If your web application accepts content or input from your users, it’s nice to be able to display it in a useful format back to them. For example, some web sites auto-link or convert text presented in a URL format as a hyperlink to improve the user experience. The user may type in the following URL into a form.

http://particletree.com

On display, our auto-linking script would then convert that to:

<a href="http://particletree.com">http://particletree.com</a>

It’s also nice to provide more web savvy users the ability to use certain HTML tags (like a, strong, em) in an unescaped format when it’s displayed back to the user. We have taken the approach provided by Chirs Shiflett to allow HTML and prevent XSS. And so when the user enters the following into a field.

<a href="http://particletree.com">Particletree</a>

It will be escaped to prevent any XSS attacks.

&lt;a href=&quot;http://particletree.com&qout;&gt;Particletree&lt;/a&gt;

And then run through an HTML sanitize script to allow certain safe tags to be displayed properly.

<a href="http://particletree.com">Particletree</a>

When used in combination (and in a way to prevent security breaches), auto-linking and allowing approved HTML tags can lead to some unexpected formatting.
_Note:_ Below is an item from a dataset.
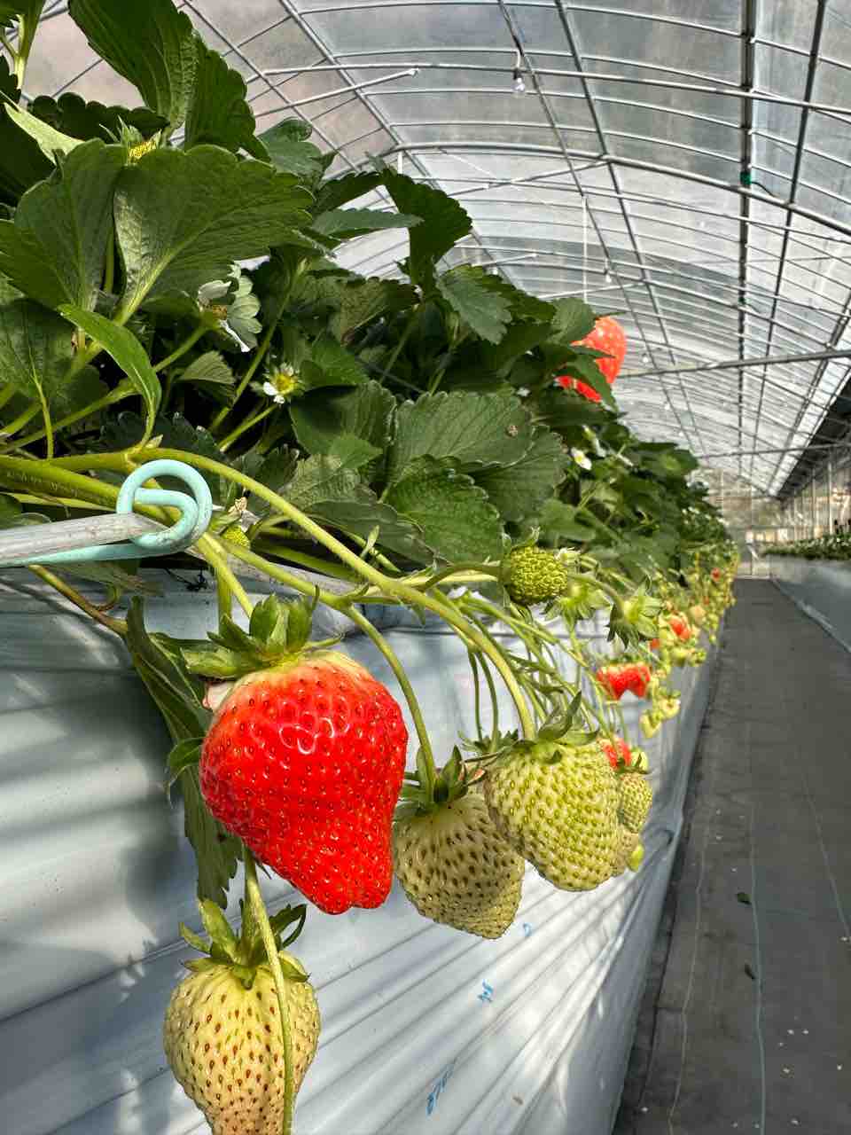 何より「高設栽培」だからいちごが腰の高さで摘み取りやすく、汚れることがほぼなく洗わず食べられます。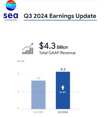 根据最新的财报数据,Shopee的表现相当亮眼。在今年第三季度,Shopee的总营收达到了31.4亿美元,成为Sea公司最大的营收来源。同时,Shopee的GMV(总交易额)同比增长了25.2%,达到了251亿美元,调整后的核心利润也为3440万美元,相较去年同期的亏损3.47亿美元,增长势头异常强劲。

The problem with using the two techniques together is that the auto-linking script has to be smart enough to not link anything inside of an a tag. For example, this would cause the following input

<a href="http://particletree.com">Particletree</a>

which has a url inside of a link to convert to the undesirable :

<a href="<a href="http://particletree.com">http://particletree.com</a>">Particletree</a>

None of the PHP auto-linking scripts that we found accounted for this and so we had to add the following regex look behind as a solution.

$text = preg_replace("'(?<!=\")(http|ftp)://([\w\+\-\@\=\?\.\%\/\:\&\;~\|]+)(\.)?'", "<a title=\"Go to \\1://\\2\" href=\"\\1://\\2\">\\1://\\2</a>", $text);

Hope that helps others looking for a similar solution.

HTML Form Builder
Ryan Campbell

Smarter Auto-Linking by Ryan Campbell

This entry was posted 4 months ago and was filed under Notebooks.
You can follow comments on this entry by subscribing to the RSS feed. Comments are currently closed.

· 11 Comments! ·

  1. Joao Prado Maia · 4 months ago

    Very useful, thanks.

  2. Markus · 4 months ago

    It is only a matter of execution sequence. If the auto-linking happen before the HTML cleanup, there would be no conflicts.

  3. Ryan Campbell · 4 months ago

    Markus, we do a good amount with Smarty, so we made the autolinking available as a modifier. The unescaping, on the other hand, is a good amount of code and is needed everywhere, so we do that on the PHP side. It is a specific oddity we ran into, but one that others may run into, so it still may help in some circumstances.

  4. Russell · 4 months ago

    Another good thing is to not auto-link things inside

    <pre> </pre>

    tags. This is a very annoying ‘feature’ in all of 37signals’ products.

  5. Niyaz PK · 4 months ago

    Thanks for that.

  6. hypotheek · 4 months ago

    what a nice solution! going to test it out! thanks alot!

  7. sean · 4 months ago

    Hey, I want to learn about apis and how to build one and can find no good book on it, do you know any good book that i could buy my email address is in this comment.

  8. gossard · 4 months ago

    As a corollary to the point about Fitts’s Law not addressing movement in multiple dimensions or amidst distractions, consider that the notion of a target is relative. Sure you may want the user to click a particular button, but if the layout provides all germane interaction handles in visual clusters, that cluster can become the initial target. During the movement toward the larger target, the user may subdivide and segregate specific target from distraction. By the time they’ve discerned their specific target, the distance that they’ll need to cross is lessened, and they’re already in motion.

    No big science here. Just sharing a thought :)

  9. maomao · 4 months ago

    Markus, we do a good amount with Smarty, so we made the autolinking available as a modifier. The unescaping, on the other hand, is a good amount of code and is needed everywhere, so we do that on the PHP side. It is a specific oddity we ran into, but one that others may run into, so it still may help in some circumstances.

  10. stone KID · 4 months ago

    I think Alan Cooper pointed out that Fitt’s Law implies that besides the corners, the easiest target to acquire is “the current location of the pointer.” IOW, the biggest button is one you don’t have to move to at all. AFAIK this is not often used.

  11. Rexibit Web Services · 3 months ago

    I really like this. I am thinking of doing something similar with a CMS I am working on.